By Michael J. Petrilli and Chester E. Finn, Jr.
By Michael J. Petrilli and Chester E. Finn, Jr.
A decade ago, U.S. education policies were a mess. It was the classic problem of good intentions gone awry.
At the core of the good idea was the commonsense insight that if we want better and more equitable results from our education system, we should set clear expectations for student learning, measure whether our kids are meeting those expectations, and hold schools accountable for their outcomes (mainly gauged in terms of academic achievement).
And sure enough, under the No Child Left Behind law, every state in the land mustered academic standards in (at least) reading and math, annual tests in grades 3–8, and some sort of accountability system for their public schools.
Unfortunately, those standards were mostly vague, shoddy, or misguided; the tests were simplistic and their “proficiency” bar set too low. The accountability systems encouraged all manner of dubious practices, such as focusing teacher effort on a small subset of students at risk of failing the exams rather than advancing every child’s learning.
What a difference a decade makes. To be sure, some rooms in the education policy edifice remain in disarray. But thanks to the hard work and political courage of the states, finally abetted by some implacable leaders in Washington, the core elements of standards-based reform have seen a reasonably thorough cleansing and dramatic upgrade.
Take the academic standards themselves. We and our colleagues at the Thomas B. Fordham Institute have been fans of the Common Core standards. By our lights, they’re dramatically clearer and stronger than most of the state standards they replaced and on par with the rest. They do a good job of incorporating the evidence on what it takes for students to be “college- and career-ready,” and they get most of the big issues right. What’s more, despite all of the political sturm und drang around the Common Core, these ambitious standards are still in place (sometimes with different labels) in more than forty states.
But that’s not all. Part of the promise of the Common Core initiative was that the new standards would be joined by “next-generation” assessments—tests that match the intellectual demands of the Common Core, are harder to game, and actually deserve to guide classroom instruction rather than encourage mindless test preparation. Now we know that this promise has also been kept. A new Fordham study, “Evaluating the Content and Quality of Next Generation Assessments,” found that the two most widely used new tests (PARCC and Smarter Balanced) are well matched to the Common Core and plenty challenging. (Two other assessments that we examined are strong too, though not quite as good a fit for the standards.)
It would be better if half the states hadn’t decided to go their own way on testing, dropping out of the PARCC or Smarter Balanced consortia (or never joining in the first place). It may turn out that their tests—most of them new—are also sound, but we won’t know until somebody gets under their hoods to see.

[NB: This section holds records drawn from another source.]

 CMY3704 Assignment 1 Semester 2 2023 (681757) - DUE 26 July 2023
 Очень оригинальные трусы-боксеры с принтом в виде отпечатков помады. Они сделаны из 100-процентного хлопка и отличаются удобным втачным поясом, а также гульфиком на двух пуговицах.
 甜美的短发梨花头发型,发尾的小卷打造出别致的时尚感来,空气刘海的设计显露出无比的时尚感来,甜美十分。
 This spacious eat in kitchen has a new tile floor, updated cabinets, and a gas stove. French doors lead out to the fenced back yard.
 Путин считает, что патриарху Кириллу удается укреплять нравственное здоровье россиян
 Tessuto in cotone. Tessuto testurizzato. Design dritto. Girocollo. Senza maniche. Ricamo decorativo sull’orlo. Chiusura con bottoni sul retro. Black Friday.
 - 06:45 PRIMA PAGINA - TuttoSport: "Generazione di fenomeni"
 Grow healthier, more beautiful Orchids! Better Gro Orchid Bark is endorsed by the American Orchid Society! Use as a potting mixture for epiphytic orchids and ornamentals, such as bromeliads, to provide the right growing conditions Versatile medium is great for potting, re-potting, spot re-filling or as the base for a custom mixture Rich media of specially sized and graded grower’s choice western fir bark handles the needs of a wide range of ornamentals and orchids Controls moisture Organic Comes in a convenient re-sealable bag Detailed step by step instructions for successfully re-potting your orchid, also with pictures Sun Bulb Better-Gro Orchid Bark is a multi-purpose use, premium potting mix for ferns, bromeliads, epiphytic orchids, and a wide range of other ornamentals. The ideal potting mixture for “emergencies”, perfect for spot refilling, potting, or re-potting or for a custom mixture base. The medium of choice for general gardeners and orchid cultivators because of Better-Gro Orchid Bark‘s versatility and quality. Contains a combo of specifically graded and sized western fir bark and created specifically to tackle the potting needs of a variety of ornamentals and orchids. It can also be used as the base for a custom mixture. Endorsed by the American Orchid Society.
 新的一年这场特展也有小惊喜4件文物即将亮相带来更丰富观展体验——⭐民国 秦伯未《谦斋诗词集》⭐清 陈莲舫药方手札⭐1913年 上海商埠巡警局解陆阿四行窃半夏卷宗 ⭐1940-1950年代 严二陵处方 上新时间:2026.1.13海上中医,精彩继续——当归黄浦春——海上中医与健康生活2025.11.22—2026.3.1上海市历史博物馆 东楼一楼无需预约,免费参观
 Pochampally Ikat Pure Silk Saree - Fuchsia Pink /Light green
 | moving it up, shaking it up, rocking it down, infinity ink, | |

What we do know is that even these go-it-alone states have made it more challenging to pass their tests, by setting their “cut scores” at dramatically higher levels than before. This provides a more honest report to parents, teachers, and principals about whether their kids are on track for success. As Harvard University’s Paul Peterson recently wrote in Education Next, “the Common Core consortium has achieved one of its key policy objectives: the raising of state proficiency standards throughout much of the United States.”
Stronger standards, better tests, higher cut scores—so far, so good. But that leaves one last element: the accountability systems themselves (a.k.a. the calculations and labels that states use to grade schools and decide which are doing well and which are candidates for intervention). Here states still have some distance to travel. But thanks to the Every Student Succeeds Act (the replacement for No Child Left Behind that President Obama signed late last year), they have more latitude to design systems that accurately distinguish between strong and weak schools.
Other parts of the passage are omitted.